Courage, Snipers and Riots

Police-Writers.com, a website dedicated to listing state and local police officers who have authored books, added five police officers and one civilian police employee to the growing list of police officers turned authors.

Captain
Thomas G. Dempsey of the San Francisco Police Department researched the deaths of the 92 San Francisco police officers killed in the line of duty between 1878 and 1994, and authored the book Men of Courage: San Francisco Police Officers.

Curt Nelson has been a San Francisco Police Department police officer, a member of the Screen Actor's Guild and a negotiator for Rockefeller Center, Inc. in New York City. Curt has authored Darkstar and Heart of the Hunter. According to the book description, Darkstar “is a novel of sex, violence, murder and revenge, set in San Francisco and Hawaii, spanning a time period of twenty years before coming full circle.”

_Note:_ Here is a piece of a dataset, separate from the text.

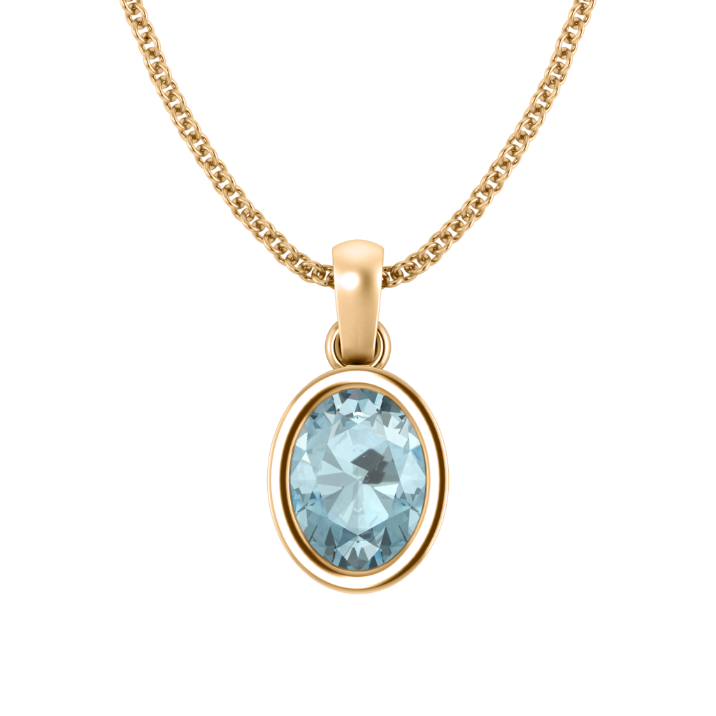 The Bezel Pendant Necklace combines minimalism with modern elegance. The Oval cut Aquamarine pendant is bezel-set in a 18K Yellow Gold rim and effortlessly balances on a matching chain.

Peter E. Laksbergs was born in Wisconsin. While in the U.S. military, he received law enforcement training, ground defense tactics, and special weapons training. He is currently a police officer with the San Antonio Police Department (Texas). Laksbergs first novel is Scope of Lie: A Sniper’s Diary, is the story of a young man who enters the military, “learns quickly and respects authority, and is a great shot.” According to the book description, “these attributes do not go unnoticed.” And, the main character ultimately learns to “hit the target, confirm the kill and get home” for the "The Agency." Years, missions and lies pile up until there is one “lie in particular that Pete (the main character) cannot ignore-that what he is doing is in the name of national security. But the next mission targets Pete and his family. This time, Pete has to make sure that this mission does not succeed.”

Inspector
Victor L. Short (retired) of the San Francisco Police Department explores his 32 year career in Only the Facts Ma’am.

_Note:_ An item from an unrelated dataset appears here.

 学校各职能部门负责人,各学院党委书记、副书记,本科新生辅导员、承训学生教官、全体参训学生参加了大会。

Tom Owens, a former Los Angeles Police Department police officer wrote Lying Eyes: The Truth Behind the Corruption and Brutality of the Lapd and the Beating of Rodney King. According to Kirkus reviews, the book is “an inside look at the Rodney King case, the ensuing trials, and the L.A. riots that followed, by the private detective hired by King's attorney to investigate the police officers' conduct and provide security for the beleaguered beating victim. A former L.A. policeman, Owens does not claim to tell ``the Rodney King story,'' but rather, with the help of Hollywood writer Browning, to give ``the factual version.'' In reviewing his own 12 years on the LAPD (he's oddly vague as to dates, when he resigned and why, what he did prior to opening his agency, etc.), he contends that the violence demonstrated by the officers that night in March 1991 is systemic, and that there is a ``code of silence'' that helps ``explain the attitudes of some of the officers'' caught in the act on George Holliday's now famous videotape.”

As a former
Los Angeles Police Department police officer, Tom Owens was also added to the list at LAPDauthors.com.

Police-Writers.com now hosts 340
police officers (representing 143 police departments) and their 765 books in six categories, there are also listings of United States federal law enforcement employees turned authors, international police officers who have written books and civilian police personnel who have written books.